Walter Bright newshound at digitalmars.com
Tue May 16 09:17:59 PDT 2006


Sean Kelly wrote:
> Exactly.  And this was the motivation for my suggestion above.  If there 
> is no way to prevent the user from subverting a system built upon 
> reference attributes, then the only alternative I can think of would be 
> to build it upon the data itself.  D already has the const storage type 
> which does much the same thing: if the user manages to outfox the 
> compiler and modify data in ROM an error will occur.  A similar measure 
> of protection could be extended to dynamic data using the page 
> protection features supplied by the memory manager, but there are some 
> obvious problems:
> 
> - To add data to a protected page the page must either be temporarily 
> unprotected, making it vulnerable to modification by another thread, or 
> it must be modified and the resulting error ignored (which is quite slow).
> 
> - Such protection is far from granular, as it requires copying data the 
> compiler cannot guarantee will not be modified by user code into a 
> protected memory page.  But as far as I'm aware, there is no other way 
> to obtain low-level support for read-only data.
> 
> I can think of a few possible workarounds to the above problems, but all 
> of them would require special handing of references to const data, and 
> this seems unacceptable for a language like D.  But a data-oriented 
> const system seems the only option for something that could actually be 
> exploited by an optimizer.  It's just too easy to work around any such 
> attempt built into the language syntax itself.  Heck, inline assembler 
> is an obvious and huge back-door to any syntax-oriented protection 
> mechanism.  There's simply no point in even considering that route.
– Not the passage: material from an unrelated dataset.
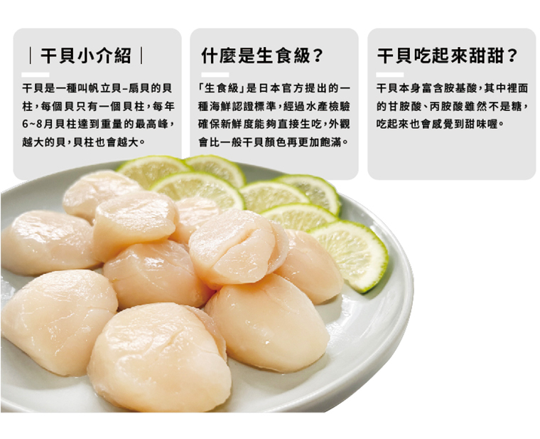 ( 我是 L 尺寸的大干貝!單顆吃起來爽感最滿足!)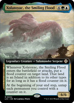 Whenever Xolatoyac enters or attacks, put a flood counter on target land. That land is an Island in addition to its other types for as long as it has a flood counter on it. At the beginning of your end step, untap each permanent you control with a counter on it.

I have been thinking along the lines of making 'const' a promise *by the 
programmer* not to modify the data, and then the compiler will *assume* 
the promise is kept. Your idea is a way to enforce the issue. The 
problem is that changing page protection attributes is very slow - but 
one could afford the cost in "debug compiles."

This would be a cool way to implement "const-correctness" without the 
hassle and cruft. There are still problems, though. You can't make part 
of an object readonly with hardware.